VICTIMS of Alzheimer's disease face a postcode lottery to get treatment in East Lancashire, according to pressure groups.

Local patients are less likely to get drugs which may improve their lives than elsewhere in the North West -- and patients at Blackburn hospitals are more likely to lose out than at Burnley General.

The disease, which affects more than 5,000 East Lancashire people, gradually robs sufferers of speech, memory and other skills, but the new treatment -- a group of drugs called cholinsterase inhibitors -- seem to slow down the disease in clinical trials.

Experts aren't sure if they will change patients' lives, but some sufferers are convinced they work.

Campaigners have criticised the situation but East Lancashire health bosses has said it was not just a financial issue and they were not convinced that they were not convinced that the drug was effective.

East Lancashire Health Authority has advised doctors not to prescribe the drugs, which cost about £1,000 a year per patient, and aren't funding prescriptions unless patients take part in research.

Despite this, Burnley Healthcare NHS Trust has decided to allow consultants to prescribe the drugs where needed and pay for it themselves -- it's now costing them about £60,000 a year.

Blackburn, Hyndburn and Ribble Valley NHS Trust also decided to fund patients in a medicine for the elderly clinic, but has not yet decided whether to fund patients in the mental health unit memory clinic, which is still being developed. About 25 patients are taking the drugs.

Catherine Slough, North West representative of the Alzheimer's Disease Society, said it was no way to provide treatment.
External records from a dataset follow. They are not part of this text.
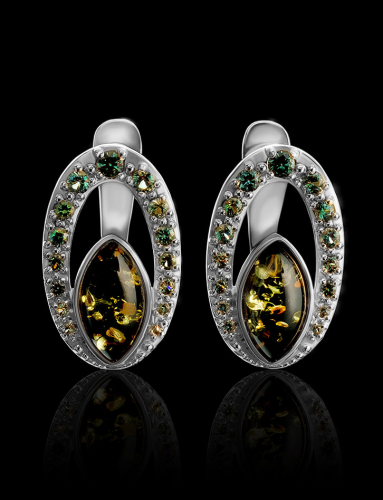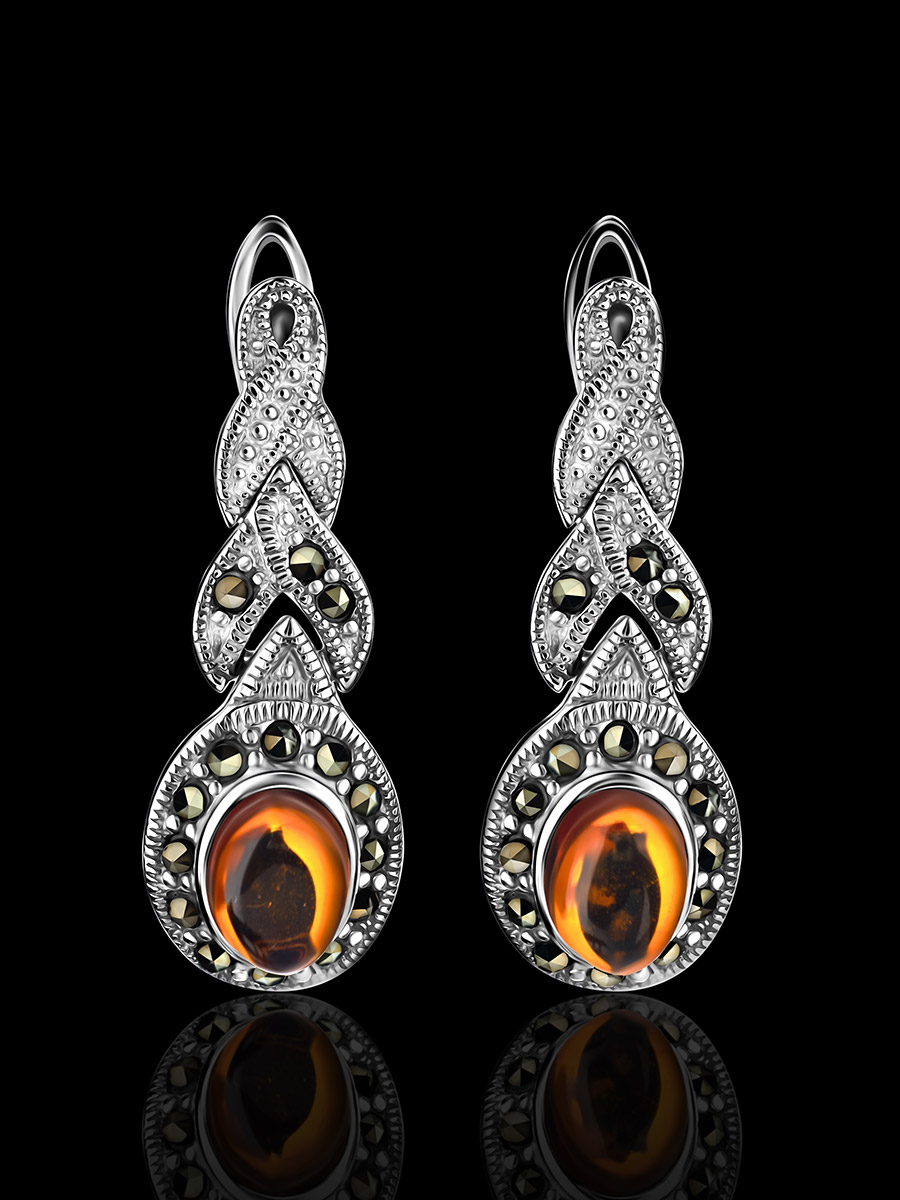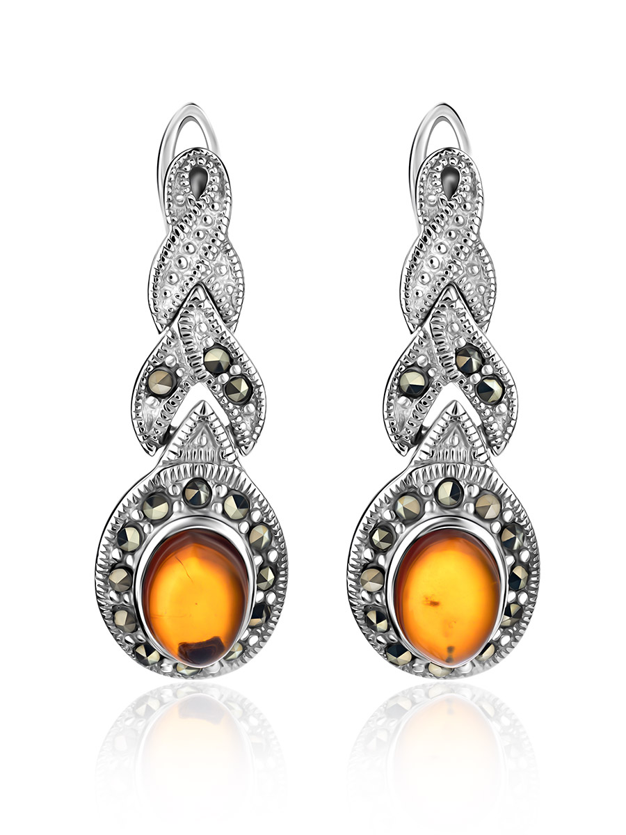 Изысканные серьги, украшенные марказитами и янтарём «Эйфория»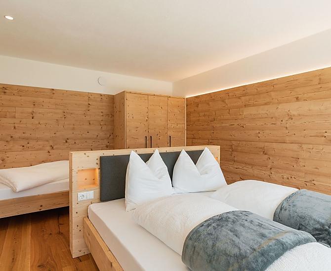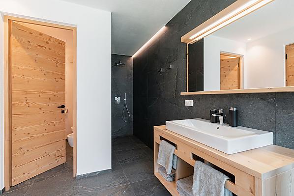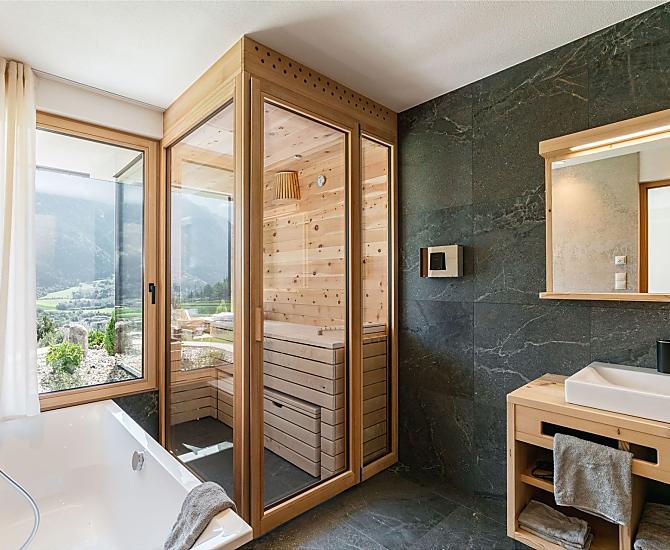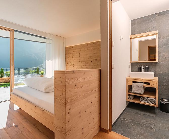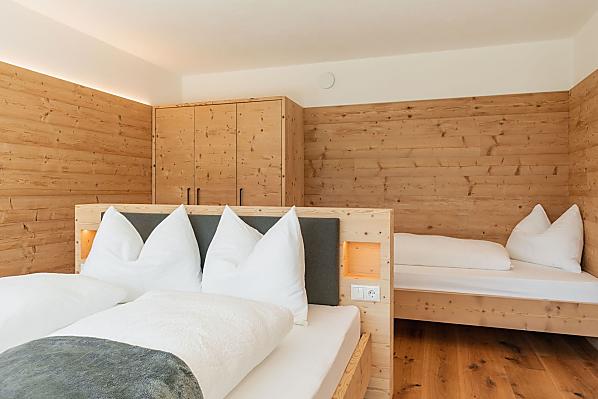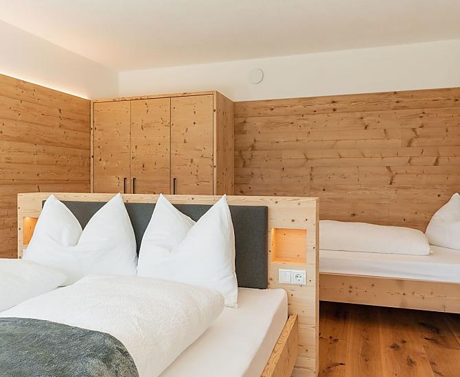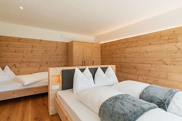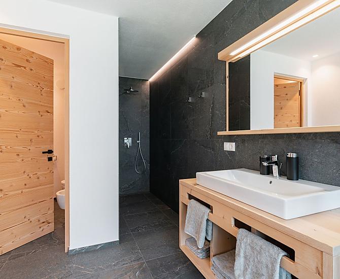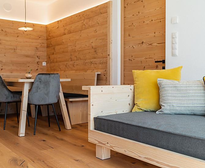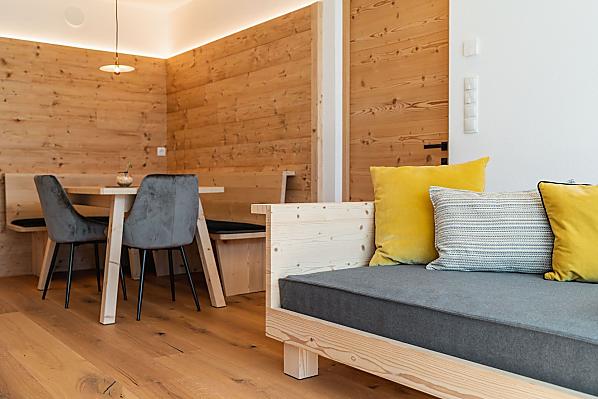 Our farm is located 930 m slightly above Mühlen in Taufers. We are surrounded by meadows and forests and yet the village centre can be reached in just a few minutes by car or on foot. WE keep Tyrolean 'Steinschafe' sheep, which are here with us on the farm all year round. You'll also find our chickens, cats, rabbits, guinea pigs and our donkey Emil We cultivate around five hectares of meadow and one hectare of fields on which we grow maize. Our chalets are nestled in the middle of the meadow - so the landscape and the view of the village and the surrounding mountains can be enjoyed in a carefree manner.
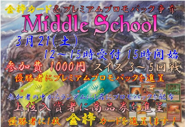DCI¸øÇ§¥«¥¸¥å¥¢¥ë¥¤¥Ù¥ó¥È ¶âÏÈ¥«¡¼¥É¡õ¥×¥ì¥ß¥¢¥à¥×¥í¥â¥Ñ¥Ã¥¯ÁèÃ¥ ¥ß¥É¥ë¥¹¥¯¡¼¥ëÂç²ñ ¤Î¤´°ÆÆâ¤Ç¤¹¡£ ¼õÉÕ¤Ï ÅöÆü¡¡12¡§00¡Á15¡§00 ¤È¤Ê¤Ã¤Æ¤ª¤ê¤Þ¤¹¤Î¤Ç»²²Ã´õ˾¤Î¾ì¹ç¤Ï¾åµ¤Î»þ´Ö¤ËÃÙ¤ì¤Ê¤¤¤è¤¦¤Ë¤´ÍèŹ¤¯¤À¤µ¤¤¡£Í½Ìó¼ÔÍ¥Àè¡£ÅöÆü»²²Ã¤ÏÀèÃå½ç¤È¤Ê¤ê¤Þ¤¹¡£ »²²ÃÈñ¤Ï1000±ß¤Ç¤¹¡£ ¹½ÃÛ·Á¼°¤Ï¥ß¥É¥ë¥¹¥¯¡¼¥ë¤È¤Ê¤ê¤Þ¤¹¡£ »ÈÍѽÐÍè¤ë¥«¡¼¥É¤Ï¤³¤Á¤é¤ò¤´»²¾È²¼¤µ¤¤¢ ¡¦Âè4ÈÇ(Fourth Edition/4E/4ED)¡¡1995ǯ4·îȯÇä ¡¦¥¢¥¤¥¹¥¨¥¤¥¸(Ice Age/IA/ICE)¡¡1995ǯ6·îȯÇä ¡¦¥¯¥í¥Ë¥¯¥ë(Chronicles/CH/CHR)¡¡1995ǯ7·îȯÇä ¡¦¥ë¥Í¥Ã¥µ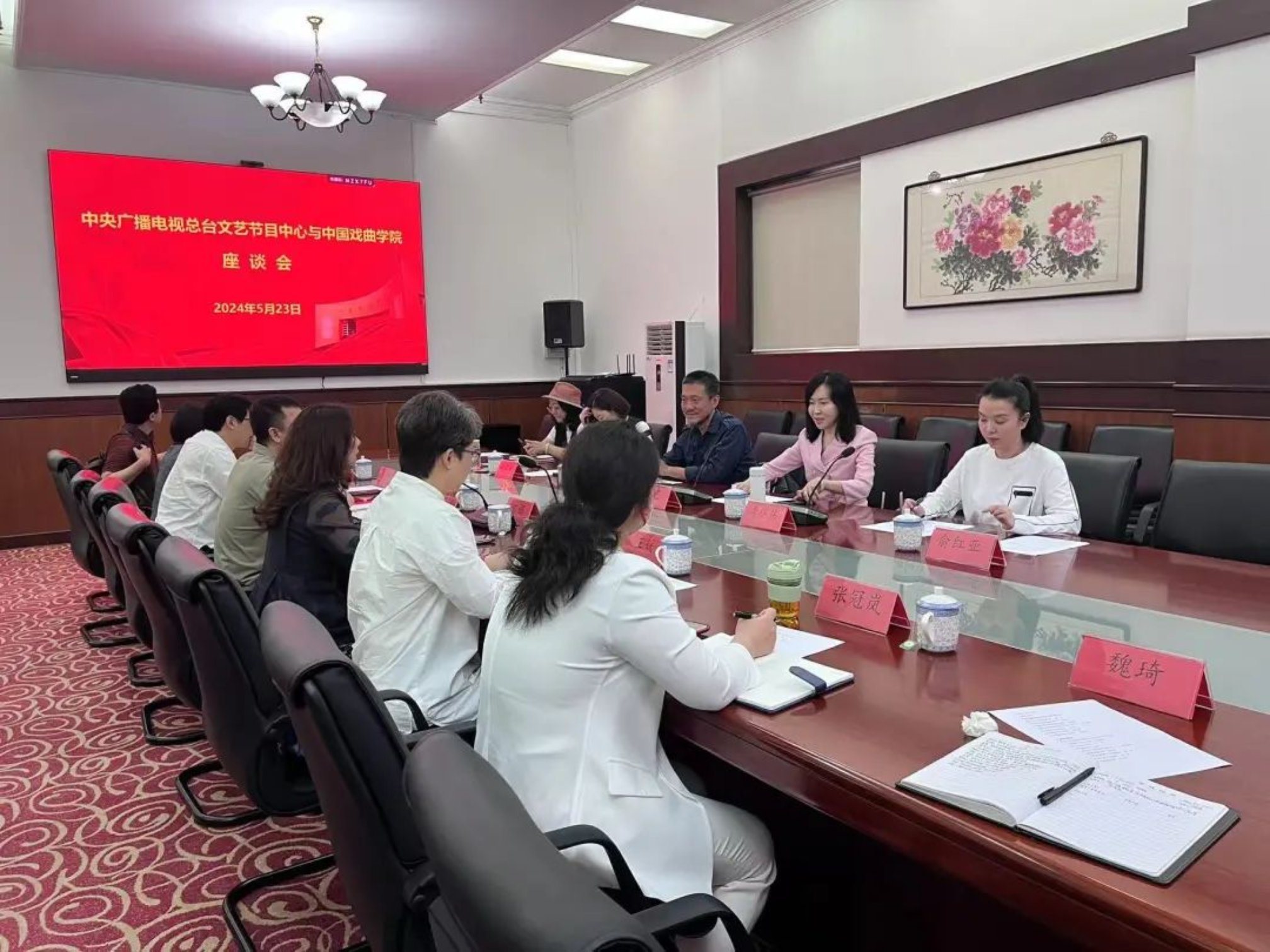 近日,中央广播电视总台文艺节目中心戏曲频道节目部副主任董艺等一行6人赴我校进行调研与合作交流。学校党委常委、副院长、附中党委书记陈娟主持会议。党委宣传部、艺术实践管理中心、京昆系、表演系、戏曲文学系、舞台美术系、艺术管理与文化交流系等部门单位相关负责同志参加。

She said a number of health authorities throughout the country had allocated large sums of cash to the treatment. She said the North West Lancashire Health Authority had allocated £100,000 towards the drug while Manchester Health Authority has decided to allow unlimited prescribing from their budget.

Ms Slough said: "Access to these medicines is patchy and inconsistent. Our members say these drugs are beneficial, some even feel it's reversed the symptoms, especially those who were prescribed it early."

She said the cost of the drugs was tiny compared to the cost of caring for people who could no longer look after themselves -- nursing homes can cost £500 a week.

Former Blackburn teacher David Lindsay-Coggins, whose wife Moira was diagnosed with Alzheimer's 10 years ago, said his gut feeling was that the drugs should be made available, although they come too late to help Moira. She was a brilliant linguist and now cannot speak, and barely recognises her husband.

He said: "When Moira was first diagnosed we tried everything, including homeopathy and other therapies. Now the only drug I can give her is love.

"It's terrible not to be able to do anything -- you feel so impotent. The sad thing seems to be that in some cases it seems to be a case of where you live as to whether you get the drugs or not."

The drugs are currently being reviewed by a Government body and Dr Stephen Morton, of the East Lancashire Health Authority, said they may reconsider their policy if it was decided they were worthwhile.

He said: "This is not just a financial issue. We don't know whether this is a useful drug or which groups could benefit. We also don't know what side-effects there could be."